Print the lines in the listing below starting at the line with "ハロウィンの仮装、魔女姿の女の子が腰に手を当てて困っているポーズ" and ending at the line with "Thousands of mourners", both included. Reproduce them exactly and omit every picture.
━━ Supplied entries ━━
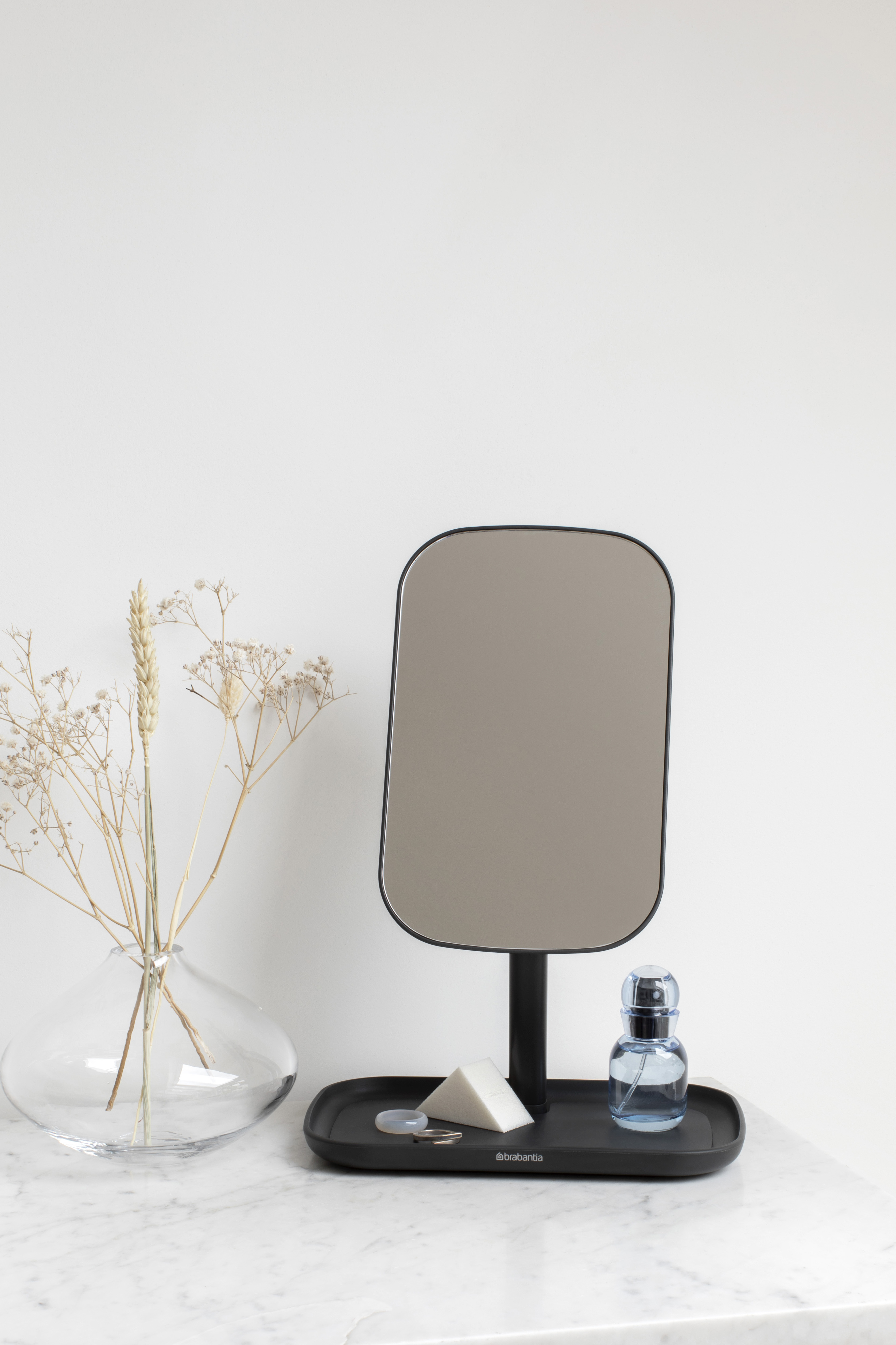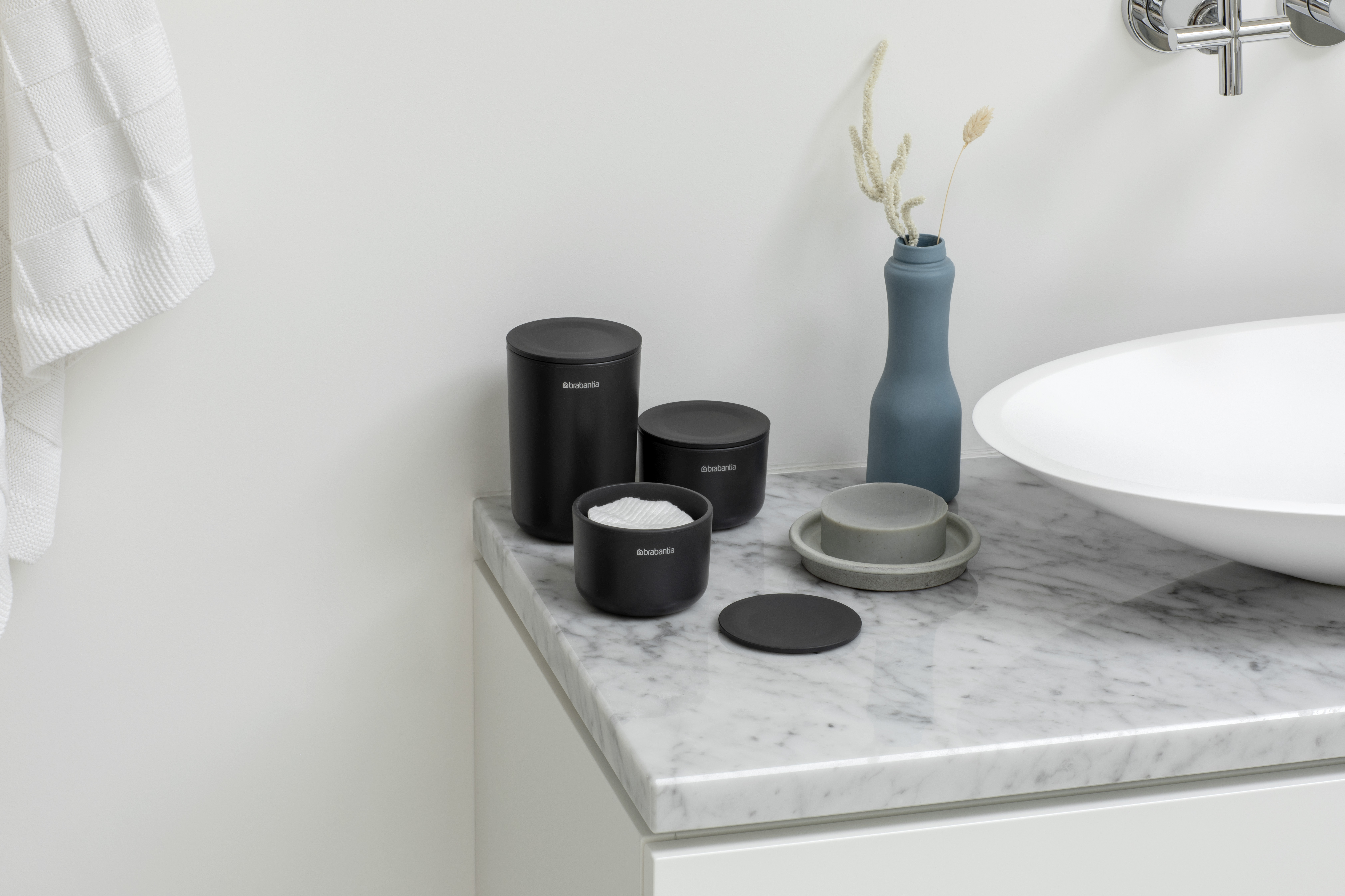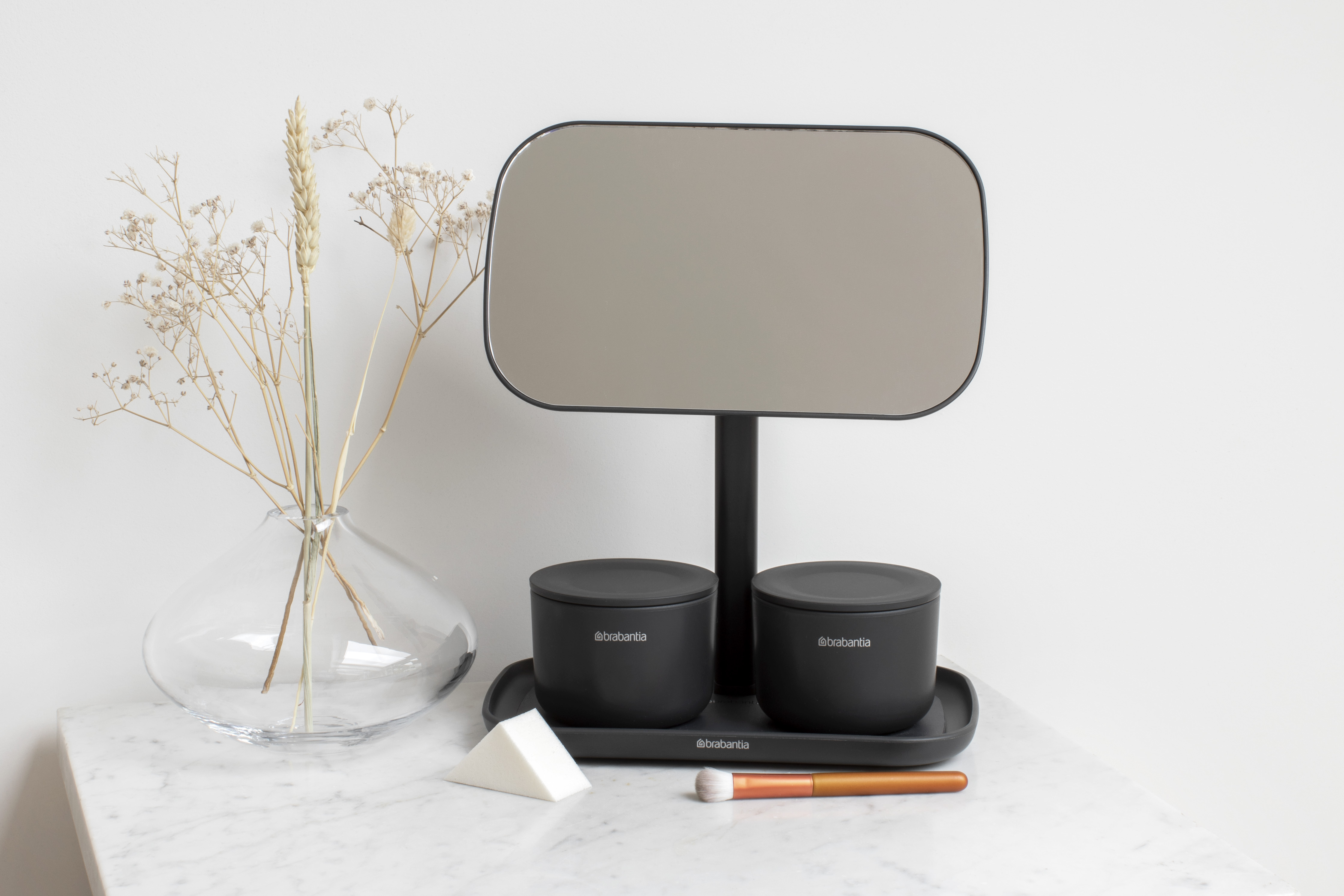 Brabantia lance donc 4 nouveaux accessoires dans la collection ReNew : un miroir, un pèse-personne, un serviteur de douche et un ensemble de pots de rangement empilables - en blanc et gris foncé. Twan Verdonck : « Ils s'intègrent ainsi parfaitement aux deux types de salle de bain. Certaines personnes choisissent le blanc. Elles veulent de la fraîcheur et de la clarté, veulent profiter de leur salle de bain le matin. Mais d'autres préfèrent le platine gris foncé et le noir, pour une ambiance plus chaleureuse. Elles apprécient particulièrement leur salle de bain le soir, ce qui leur permet de prendre du temps pour soi. »
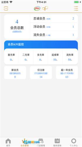 2、会员管理:我店会员、注册新客、充值新客、二次购买新客、会员积分排行及珍护试用装申领等功能。
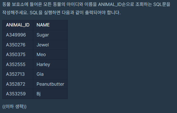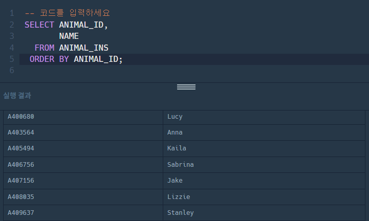 - 그 후 동물의 아이디와 이름 조회를 위해 컬럼은 ANIMAL_ID, NAME 만을 가져와줍니다.
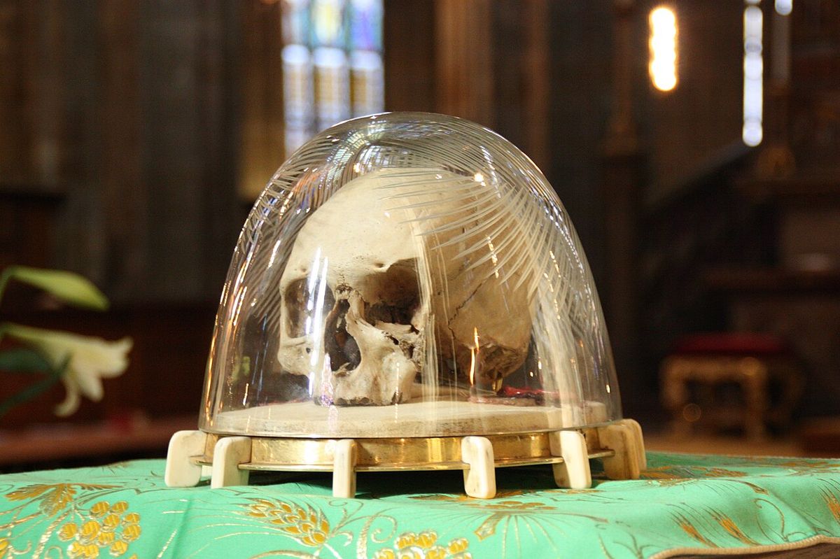 Lebka svatého Vojtěcha, původně z polského Hvězdna, kterého ve východním Prusku utloukli veslem pohané, když je chtěl obrátit na křesťanství
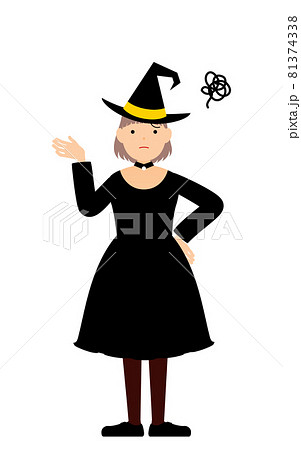 ハロウィンの仮装、魔女姿の女の子が腰に手を当てて困っているポーズ
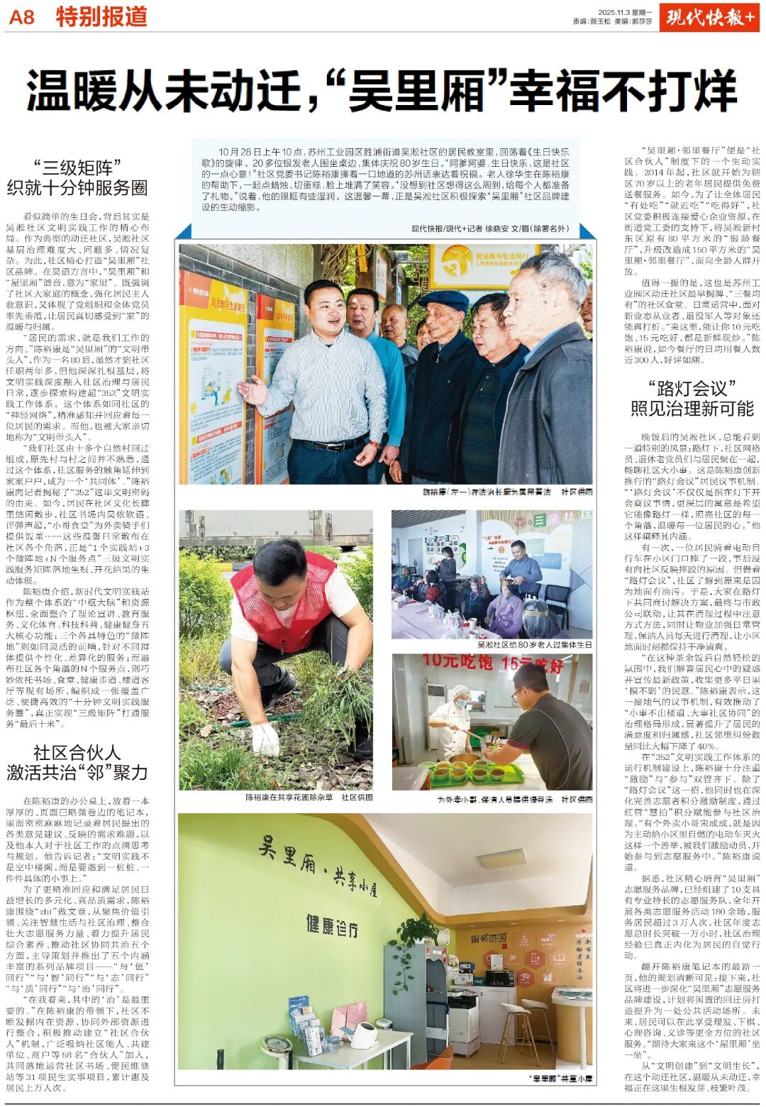 ◈ 《现代快报》整版关注园区:温暖从未动迁,“吴里厢”幸福不打烊。
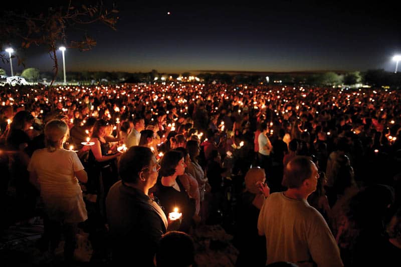 Thousands of mourners remembered the victims at a candlelight vigil held near the high school the evening of Feb. 15. Still others attended a prayer service at Mary Help of Christians Catholic Church in Parkland.
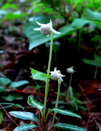 | やや乾燥した丘陵や山地の林内に生える多年草(又は小低木)で、高さ10〜15センチ。葉は2〜3個が輪生状に付き、長楕円形〜披針形で尖った鋸歯がある。 花は通常1個、稀に2個下向きに付ける。白い花弁は丸みを帯び、この形からウメの名が付く。花の直径1センチほど、5裂し、雄しべは10個もつ。花期は6〜7月。北海道〜九州に分布する。 〜徒然想〜 花は、初期は下を向き、次第に上を向くようになり、実になると、まっすぐ上向きになります。 3度目の正直。今度こそ顔を見せてくれるだろうか。過去2度は、うつむいた顔を持ち上げてみると、どの花ものっぺらぼう。あまりにものっぺりした白さに、むしろ不気味な想いがした。 居ました。やはり、恥ずかしそうに、花は下を向いている。恐る恐る顔を持ち上げてみると、・・・・・ようやく顔を見せてくれました。開いた花びらの奥に葯が除いています。それでも、写真を撮ろうとすると、嫌がるように下を向いてしまいます。 -同じ科の植物- |
━━━
__Task response__:
 ハロウィンの仮装、魔女姿の女の子が腰に手を当てて困っているポーズ
 ◈ 《现代快报》整版关注园区:温暖从未动迁,“吴里厢”幸福不打烊。
 Thousands of mourners remembered the victims at a candlelight vigil held near the high school the evening of Feb. 15. Still others attended a prayer service at Mary Help of Christians Catholic Church in Parkland.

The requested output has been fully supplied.